Elle se demande comment une affection aussi maternelle que la sienne a pu engendrer tant d’amertumes : « Pourquoi, moi qui aurais donné tout mon sang pour te donner une nuit de repos et de calme, suis-je devenue pour toi un tourment, un fléau, un spectre ? Quand ces affreux souvenirs m’assiègent (et à quelle heure me laisseront-ils en paix ?), je deviens presque folle, je couvre mon oreiller de larmes. J’entends ta voix m’appeler dans le silence de la nuit. Qui est-ce qui m’appellera à présent ? Qui est-ce qui aura besoin de mes veilles ? A quoi emploierai-je la force que j’ai amassée pour toi, et qui, maintenant, se tourne contre moi-même ? Oh ! mon enfant, mon enfant ! Que j’ai besoin de ta tendre sse et de ton pardon ! Ne parle pas du mien, ne dis jamais que tu as eu des torts envers moi. Qu’en sais-je ? Je ne me souviens plus de rien, sinon que nous avons été bien malheureux et que nous nous sommes quittés. Mais je sais, je sens, que nous nous aimerons toute la vie…. Le sentiment qui nous unit est fermé à tant de choses, qu’il ne peut se comparer à aucun autre. Le monde n’y comprendra jamais rien. Tant mieux ! nous nous aimerons et nous nous moquerons de lui. »

«…. Je vis à peu près seule…. P. vient dîner avec moi. Je passe avec lui les plus doux moments de ma journée à parler de toi. Il est si sensible et si bon, cet homme ! Il comprend si bien ma tristesse ! Il la respecte si religieusement ! »

Les lettres de George Sand étaient plus généreuses que prudentes. Elles agirent fortement sur une sensibilité que la maladie avait surexcitée. Musset était arrivé à Paris le 12 avril et s’était aussitôt lancé à corps perdu dans le monde et les plaisirs, espérant que la distraction viendrait à bout du chagrin qui le dévorait. Le 19, il prie son amie de ne plus lui écrire sur ce ton, et de lui parler plutôt de son bonheur présent ; c’est la seule pensé qui lui rende le courage. Le 30, il la remercie avec transport de lui continuer son affection, et la bénit pour son influence bienfaisante. Il vient de renoncer à la vie de plaisir, et c’est à son grand George qu’il doit d’en avoir eu la force. Elle l’a relevé ; elle l’a arraché à son mauvais passé ; elle a ranimé la foi dans ce cœur qui ne savait que nier et blasphémer : s’il fait jamais quelque chose de grand, c’est à elle qu’il le devra.

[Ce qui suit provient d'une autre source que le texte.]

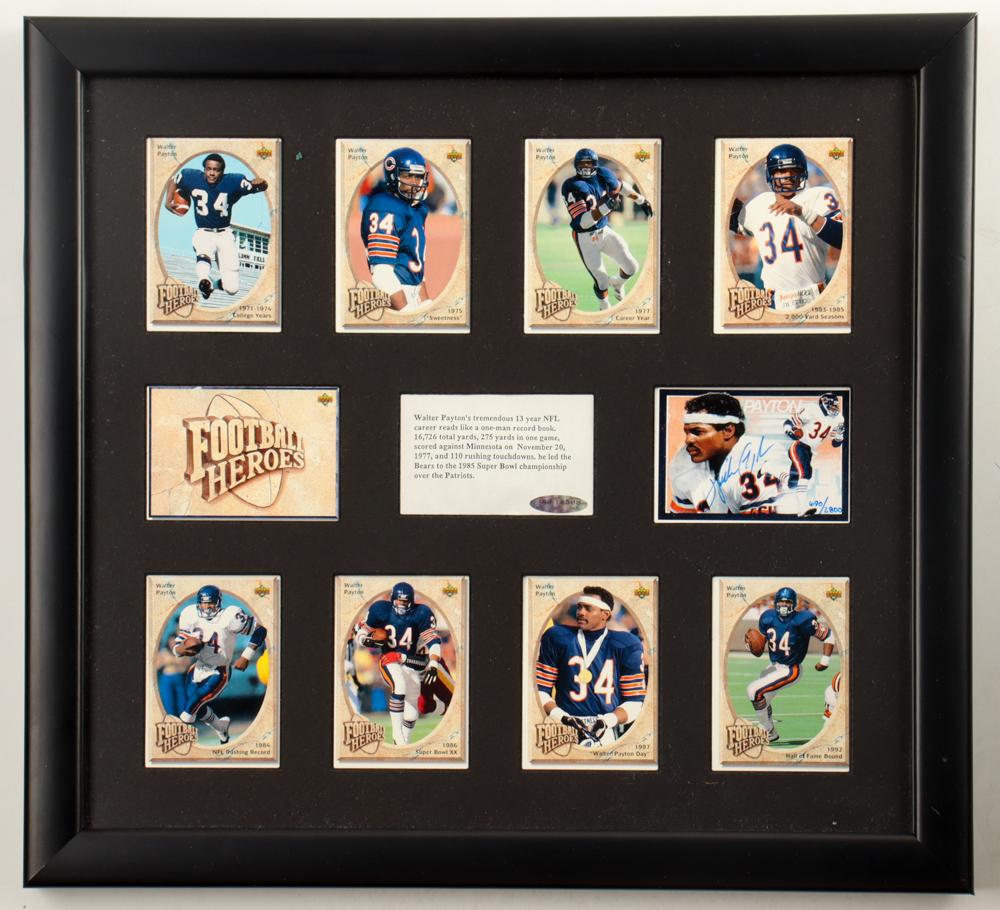 Walter Payton Signed LE Upper Deck Football Heroes Custom Framed Trading Card Display With (10) Cards (UDA)

Il continué à parler de Pagello avec tendresses. Il va jusqu’à dire : « Lorsque j’ai vu ce brave P., j’y ai reconnu la bonne partie de moi-même, mais pure, exempte des souillures irréparables qui l’ont empoisonnée en moi. C’est pourquoi j’ai compris qu’il fallait partir. » On remarque cependant une nuance dans son amitié pour Pagello, aussitôt que Musset est rentré à Paris. Il semble qu’en remettant le pied dans cette ville gouailleuse, il ait eu un vague soupçon que le « lien idéal » dont tous trois étaient si fiers pourrait bien être une erreur, et une erreur ridicule.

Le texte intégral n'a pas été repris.